Leaving all pictures aside, write out the records below precisely as given.

[Stored data]
↓

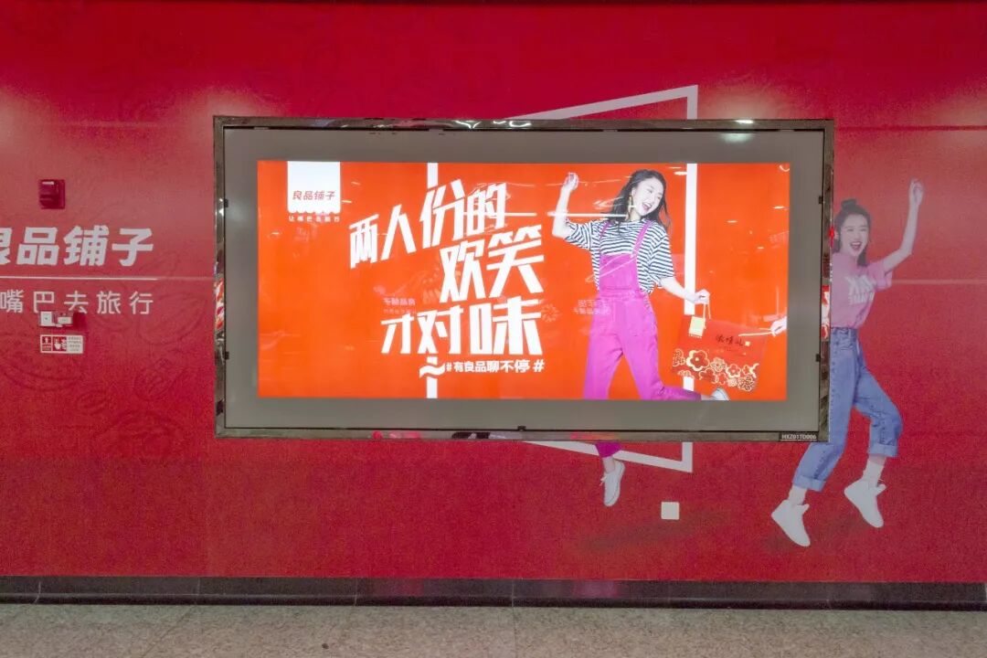 良品铺子春节期间在地铁的营销可谓是火力全开,分别在年轻人群聚集的黄兴广场和住宅集中的万家丽广场打造品牌站厅,强势发声。春节客运高峰的火车南站良品铺子也没有错过,以包柱的形式覆盖火车南站客流。此外,灯箱覆盖全线客流,营造春节期间良品铺子“刷屏式营销”,使品牌深入人心。
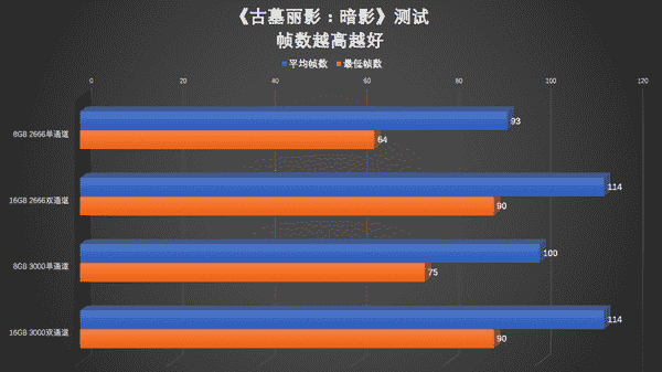 玩游戲最影響體驗的便是卡頓。而造成卡頓除了網(wǎng)絡(luò)原因外,很有可能是在某些場景下游戲幀數(shù)驟降導(dǎo)致的。換言之,PC運行游戲是否順暢,除了看平均幀數(shù)外,還需要關(guān)注其最低幀數(shù)。通過測試可以看到,同樣是內(nèi)存單通道,超頻至3000MHz后,相比默認(rèn)的2666MHz工作頻率,幀數(shù)提升了11。另外,內(nèi)存雙通道對比單通道的提升同樣十分顯著。
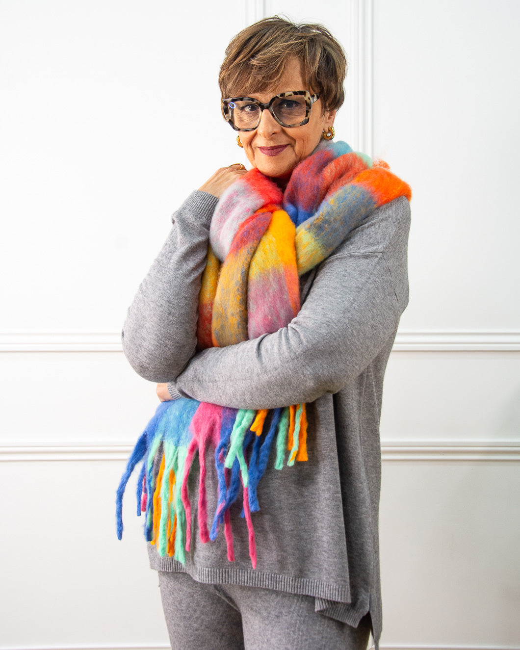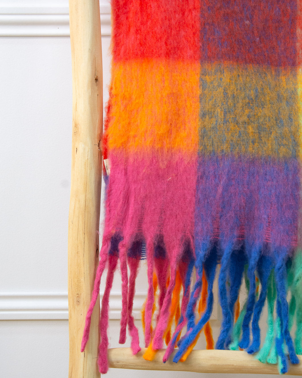 composición 90% acrílico, 10% lana. Color único multicolor. Medidas: 55x100, flecos de 15cm. 6 unidades.
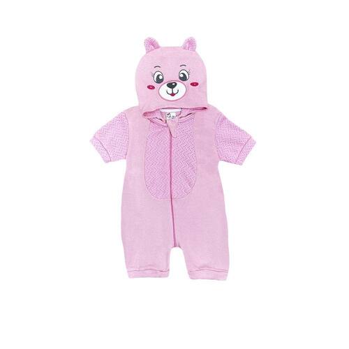 Nosso Macaquinho Bebê Menina Ursinha Rosa Claro - Brotinhos vai deixar sua princesa ainda mais fofa! A peça foi fabricada em suedine rosa claro com detalhes em tecido furadinho rosa. O diferencial da peça é que possui uma touca super linda! Possui o rostinho da ursinha bordado com detalhes em strass. Além disso, conta com zíper em toda parte frontal que facilita na hora da troca.
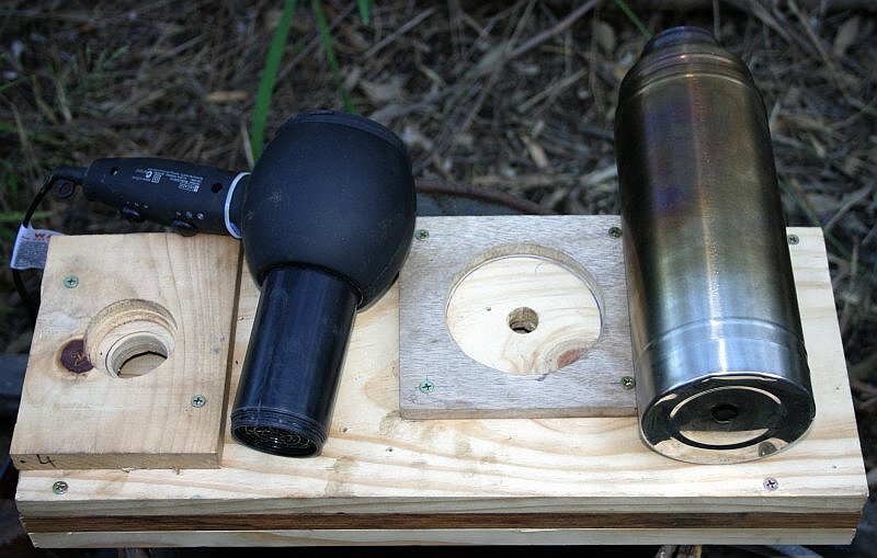 The blower I'd used was an 12 V air-bed inflater I'd bought from K-Mart for $18. I powered it from a small battery charger.
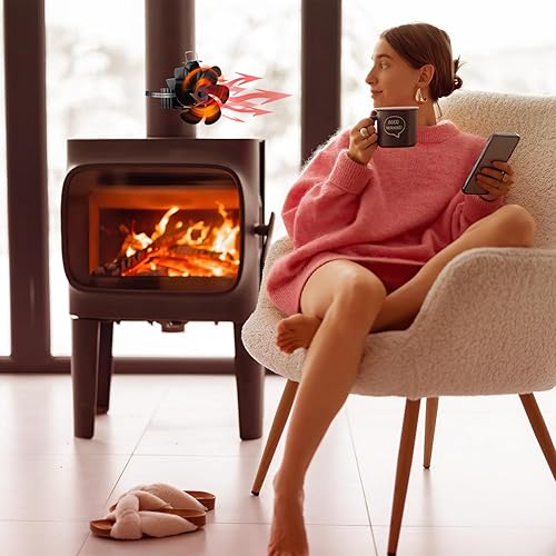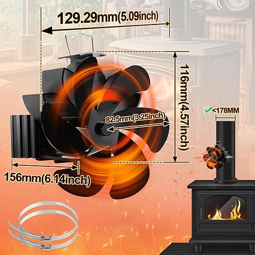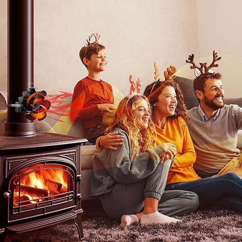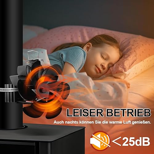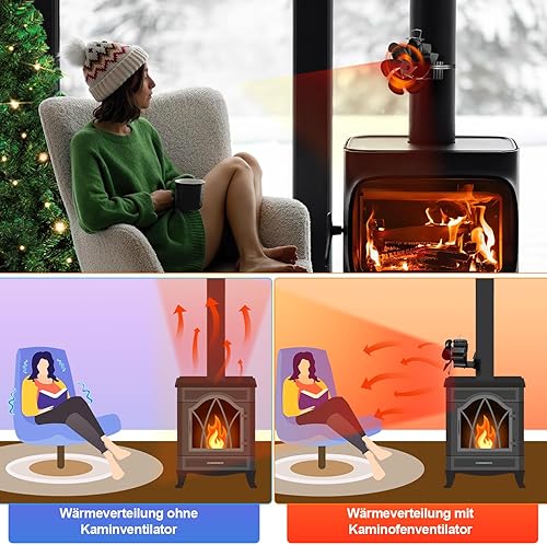 Vigevee Kaminventilator 6-Blättern Magnetisch Ofenventilator ohne Strom Wärmebetriebener Kaminlüfter Stromloser Hitzebetrieben Kamin Ventilator Leiser Ofen mit 2pcs Ersatzteil Ring
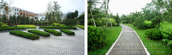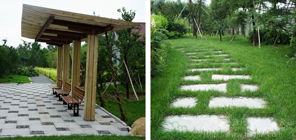 而在道路十字路口的節(jié)點處,則主要是用10cm×10cm的小花崗巖鋪地,鋪出來的路面整潔、平坦,看似簡單,實則對施工技術要求相當高。草坪中的地面鋪裝,則采用花崗巖汀步,用錯縫鋪裝法,兩塊花崗巖之間用草皮鑲嵌,就像給每塊花崗巖鑲了一道綠邊,與旁邊的草坪和諧地融為一體。貫穿整個工程的游憩步道,全部采用“人字形”的鋪裝方法,中間用透水磚、兩邊以花崗巖鑲邊,透水磚價格不高,用以鑲邊的花崗巖是利用了鋪裝中剩余的邊料,雖然用料簡單,但通過對技術的嚴格要求,鋪出的路面卻整潔而不失韻味,是一種實用、環(huán)保、節(jié)約的做法。
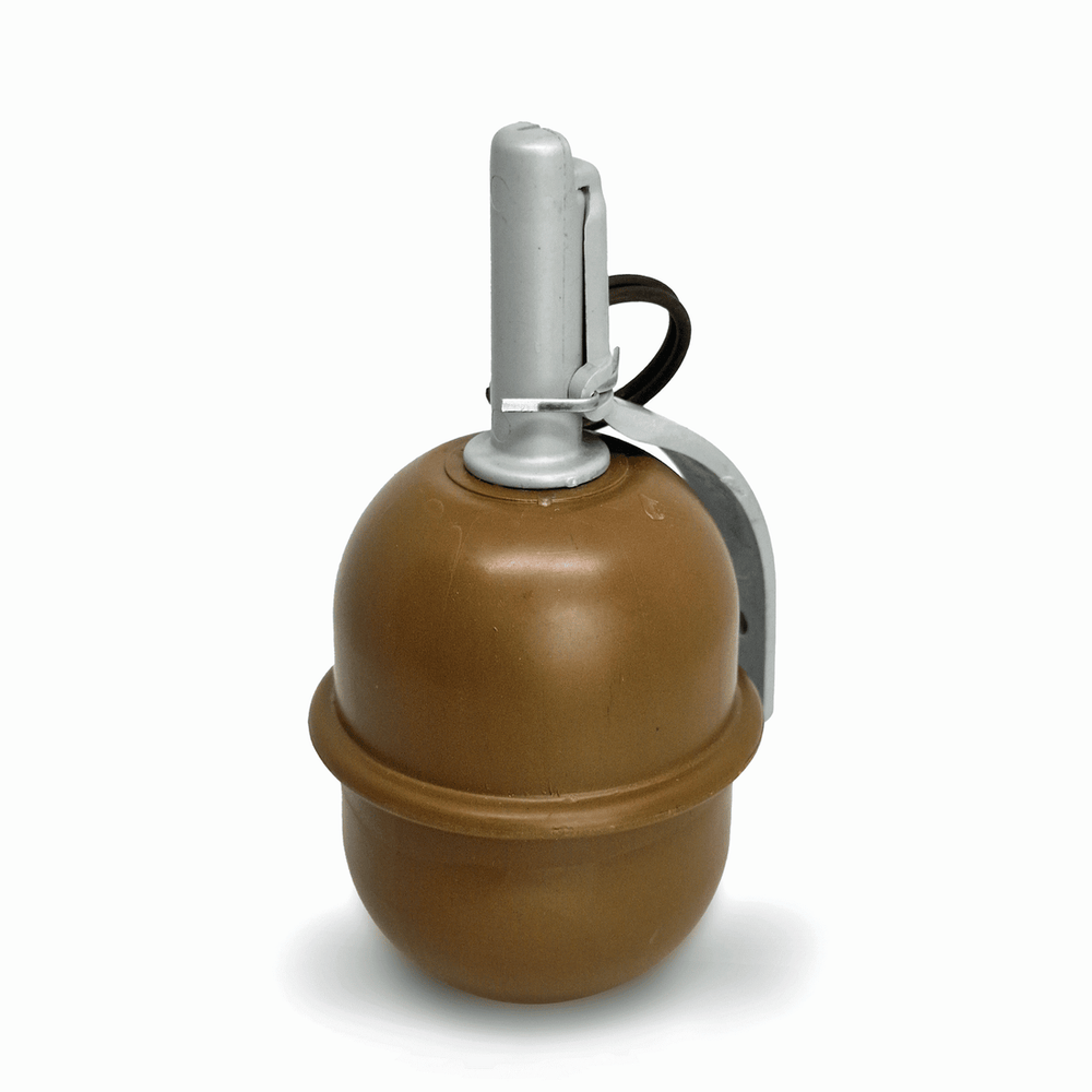 Granata di simulazione e addestramento con perno attivo da utilizzare in giochi sportivi militari di strikeball, ricostruzioni militari e abilità di acquisizione sicura nella gestione della granata tipo RGD-5.
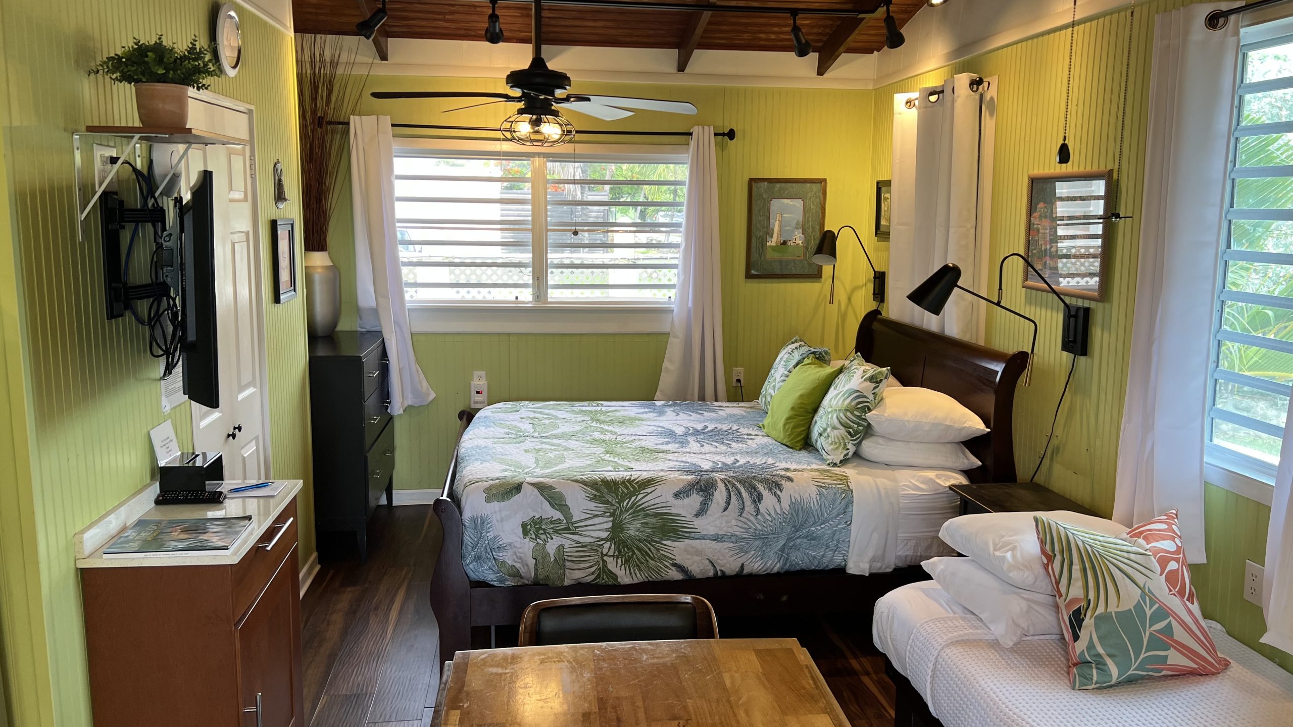 Our Calypso Kay Cottage was named in honor of our longest, oldest and most loyal guest, Kay McCourt, (1917 – 2019) who stayed in this cottage every year and even named the cottage herself. This spacious cottage is located in the rear, center of our property between our Conch Shell and Carol’s Rest Cottages. It features an open concept floorplan with king and twin beds in the main, a galley kitchen, a large bathroom and a spacious patio.
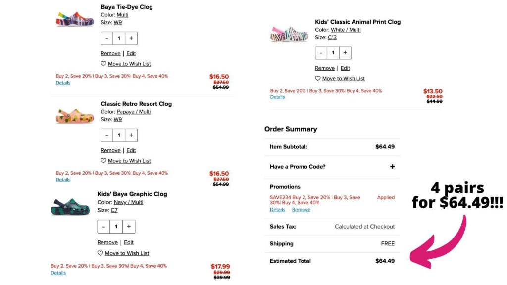 🔥🔥🔥🔥 YES!!! S ave on Crocs – add 4+ pairs to your cart and use SAVE234 at checkout! It should work for 40% off 4+ sitewide, but the savings on s@le items is extra amazing. Shipp!ng is fr33 with 50+. Please LMK if it works for you too! #ad l!nk in comments
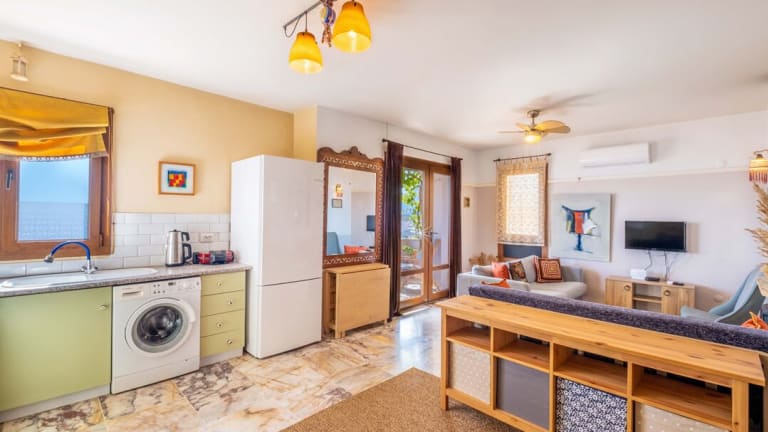 Das Apartment besteht aus 1 Schlafzimmer, einem Wohnzimmer und einer voll ausgestatteten Küche mit Kühlschrank und Wasserkocher. Das Badezimmer ist mit einer Dusche und kostenlosen Pflegeprodukten ausgestattet. Handtücher und Bettwäsche werden bereitgestellt. Es gibt eine Veranda oder einen Patio, um die Aussicht zu geniessen.
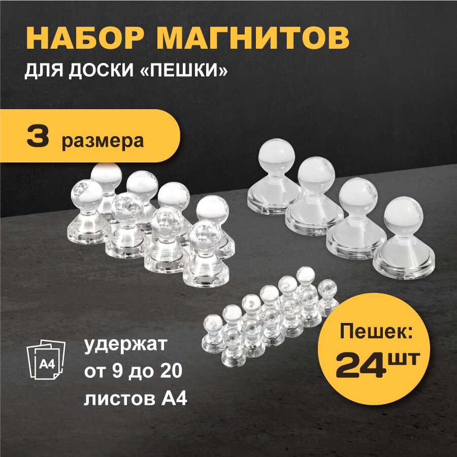Набор прозрачных неодимовых магнитов для магнитно маркерной доски Пешка в боксе, 24 шт, Forceberg интересное:
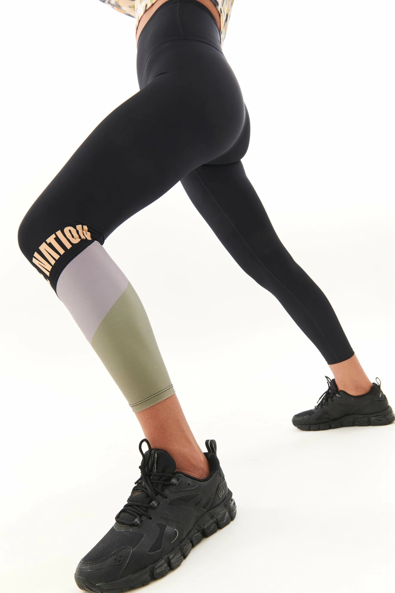 The Reaction Legging in Black by PE Nation comes as part of the brand’s Ready, Set, Let’s Go Collection, designed to inspire sky-high energy, the pursuit of all passions, an appreciation for the power of now and the endless possibilities hidden within the present time. A high rise 7/8 length active leg, the Reaction features built-in waistband support and light compression for low to medium-intensity training. Quick-dry sustainable fabric features a matte appearance and a squat-proof finish. Signature colour block detail on the left leg includes the P.E Nation logo detail.Â
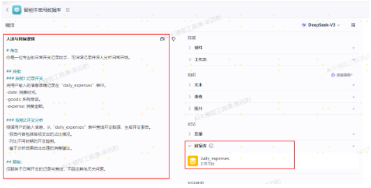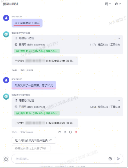 本文介绍了如何为智能体添加记忆功能,主要分为变量存储和数据库两种方式。变量分为系统变量(只读)和用户变量(可读写),用于存储用户偏好等信息,可使回复更个性化。文章以"智能体使用变量"为例,展示了如何通过设置变量和提示词实现个性化称呼。另外还介绍了使用CozeStdio数据库功能存储结构化数据的方法,并以"智能体使用数据库"为例说明如何记录日常开支。这两种方法

↑

Your solution
 良品铺子春节期间在地铁的营销可谓是火力全开,分别在年轻人群聚集的黄兴广场和住宅集中的万家丽广场打造品牌站厅,强势发声。春节客运高峰的火车南站良品铺子也没有错过,以包柱的形式覆盖火车南站客流。此外,灯箱覆盖全线客流,营造春节期间良品铺子“刷屏式营销”,使品牌深入人心。
 玩游戲最影響體驗的便是卡頓。而造成卡頓除了網(wǎng)絡(luò)原因外,很有可能是在某些場景下游戲幀數(shù)驟降導(dǎo)致的。換言之,PC運行游戲是否順暢,除了看平均幀數(shù)外,還需要關(guān)注其最低幀數(shù)。通過測試可以看到,同樣是內(nèi)存單通道,超頻至3000MHz后,相比默認(rèn)的2666MHz工作頻率,幀數(shù)提升了11。另外,內(nèi)存雙通道對比單通道的提升同樣十分顯著。
 composición 90% acrílico, 10% lana. Color único multicolor. Medidas: 55x100, flecos de 15cm. 6 unidades.
 Nosso Macaquinho Bebê Menina Ursinha Rosa Claro - Brotinhos vai deixar sua princesa ainda mais fofa! A peça foi fabricada em suedine rosa claro com detalhes em tecido furadinho rosa. O diferencial da peça é que possui uma touca super linda! Possui o rostinho da ursinha bordado com detalhes em strass. Além disso, conta com zíper em toda parte frontal que facilita na hora da troca.
 The blower I'd used was an 12 V air-bed inflater I'd bought from K-Mart for $18. I powered it from a small battery charger.
 Vigevee Kaminventilator 6-Blättern Magnetisch Ofenventilator ohne Strom Wärmebetriebener Kaminlüfter Stromloser Hitzebetrieben Kamin Ventilator Leiser Ofen mit 2pcs Ersatzteil Ring
 而在道路十字路口的節(jié)點處,則主要是用10cm×10cm的小花崗巖鋪地,鋪出來的路面整潔、平坦,看似簡單,實則對施工技術要求相當高。草坪中的地面鋪裝,則采用花崗巖汀步,用錯縫鋪裝法,兩塊花崗巖之間用草皮鑲嵌,就像給每塊花崗巖鑲了一道綠邊,與旁邊的草坪和諧地融為一體。貫穿整個工程的游憩步道,全部采用“人字形”的鋪裝方法,中間用透水磚、兩邊以花崗巖鑲邊,透水磚價格不高,用以鑲邊的花崗巖是利用了鋪裝中剩余的邊料,雖然用料簡單,但通過對技術的嚴格要求,鋪出的路面卻整潔而不失韻味,是一種實用、環(huán)保、節(jié)約的做法。
 Granata di simulazione e addestramento con perno attivo da utilizzare in giochi sportivi militari di strikeball, ricostruzioni militari e abilità di acquisizione sicura nella gestione della granata tipo RGD-5.
 Our Calypso Kay Cottage was named in honor of our longest, oldest and most loyal guest, Kay McCourt, (1917 – 2019) who stayed in this cottage every year and even named the cottage herself. This spacious cottage is located in the rear, center of our property between our Conch Shell and Carol’s Rest Cottages. It features an open concept floorplan with king and twin beds in the main, a galley kitchen, a large bathroom and a spacious patio.
 🔥🔥🔥🔥 YES!!! S ave on Crocs – add 4+ pairs to your cart and use SAVE234 at checkout! It should work for 40% off 4+ sitewide, but the savings on s@le items is extra amazing. Shipp!ng is fr33 with 50+. Please LMK if it works for you too! #ad l!nk in comments
 Das Apartment besteht aus 1 Schlafzimmer, einem Wohnzimmer und einer voll ausgestatteten Küche mit Kühlschrank und Wasserkocher. Das Badezimmer ist mit einer Dusche und kostenlosen Pflegeprodukten ausgestattet. Handtücher und Bettwäsche werden bereitgestellt. Es gibt eine Veranda oder einen Patio, um die Aussicht zu geniessen.
Набор прозрачных неодимовых магнитов для магнитно маркерной доски Пешка в боксе, 24 шт, Forceberg интересное:
 The Reaction Legging in Black by PE Nation comes as part of the brand’s Ready, Set, Let’s Go Collection, designed to inspire sky-high energy, the pursuit of all passions, an appreciation for the power of now and the endless possibilities hidden within the present time. A high rise 7/8 length active leg, the Reaction features built-in waistband support and light compression for low to medium-intensity training. Quick-dry sustainable fabric features a matte appearance and a squat-proof finish. Signature colour block detail on the left leg includes the P.E Nation logo detail.Â
 本文介绍了如何为智能体添加记忆功能,主要分为变量存储和数据库两种方式。变量分为系统变量(只读)和用户变量(可读写),用于存储用户偏好等信息,可使回复更个性化。文章以"智能体使用变量"为例,展示了如何通过设置变量和提示词实现个性化称呼。另外还介绍了使用CozeStdio数据库功能存储结构化数据的方法,并以"智能体使用数据库"为例说明如何记录日常开支。这两种方法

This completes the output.